Data records

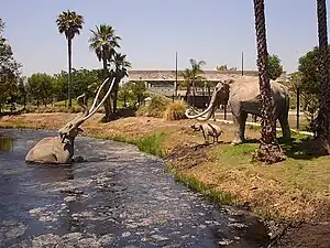 - π Page Museum at the La Brea Tar Pits, 5801 Wilshire Blvd, β +1-323-934-7243. Daily 9:30AM-5PM. An excellent museum that displays fossils of animals β including saber-toothed cats, dire wolves and mammoths β that got stuck in tar pits during the Ice Age 10,000 to 40,000 years ago. Visitors can watch fossils being prepared and learn about the natural and human history of the tar pits. However, the real highlight is just outside the museum in Hancock Park, where you'll find a Pleistocene Garden and the tar pits themselves, with life-size replicas of extinct mammals and where you can witness the ongoing excavation of the pits. Adults $12, youth (13-17)/seniors (62+)/college students (w/ ID) $9, children (3-12) $5, children under 3 free. Free general admission for everyone 1st Tu of the month, except July and August.
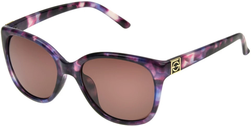 These striking purple and pink patterned frames wrap around a brown tinted polarized lens for a feminine and sophisticated look. Polarized lenses help reduce glare and increases contrast for enhanced visual clarity and comfort.
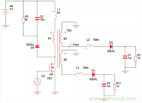 例如,一個反激式電源可分別從一個48V輸入產(chǎn)生兩個1 A的12V輸出,如圖1的簡化仿真模型所示。理想的二極管模型具有零正向壓降,電阻可忽略不計。變壓器繞組電阻可忽略不計,只有與變壓器引線串聯(lián)的寄生電感才能建模。這些電感是變壓器內的漏電感,以及印刷電路板(PCB)印制線和二極管內的寄生電感。當設置這些電感時,兩個輸出相互跟蹤,因為當二極管在開關周期的1-D部分導通時,變壓器的全耦合會促使兩個輸出相等。
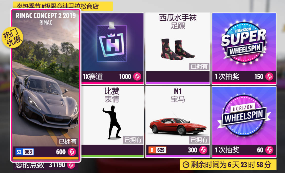 本週更新車輛爲2019款RIMAC CONCEPT TWO1981款寶馬 M1。兩輛車都是車展車,Riamc推薦拿來跑每週S2的特技賽,兌換與否看個人需要。
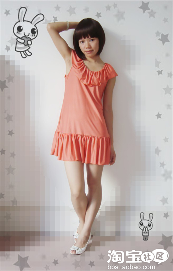 No.2 橘红色的大荷叶领连衣裙,可爱的公主风。(荷叶领的修饰跟裙摆下的褶皱增添了几分俏皮可爱的感觉。)

(Exercise details): Please repeat, exactly and with nothing else, the lines from the one containing "本週更新車輛爲2019款RIMAC CONCEPT TWO1981款寶馬" to the last line of the entries, both included, excluding any pictures.

(Answer section):
 本週更新車輛爲2019款RIMAC CONCEPT TWO1981款寶馬 M1。兩輛車都是車展車,Riamc推薦拿來跑每週S2的特技賽,兌換與否看個人需要。
 No.2 橘红色的大荷叶领连衣裙,可爱的公主风。(荷叶领的修饰跟裙摆下的褶皱增添了几分俏皮可爱的感觉。)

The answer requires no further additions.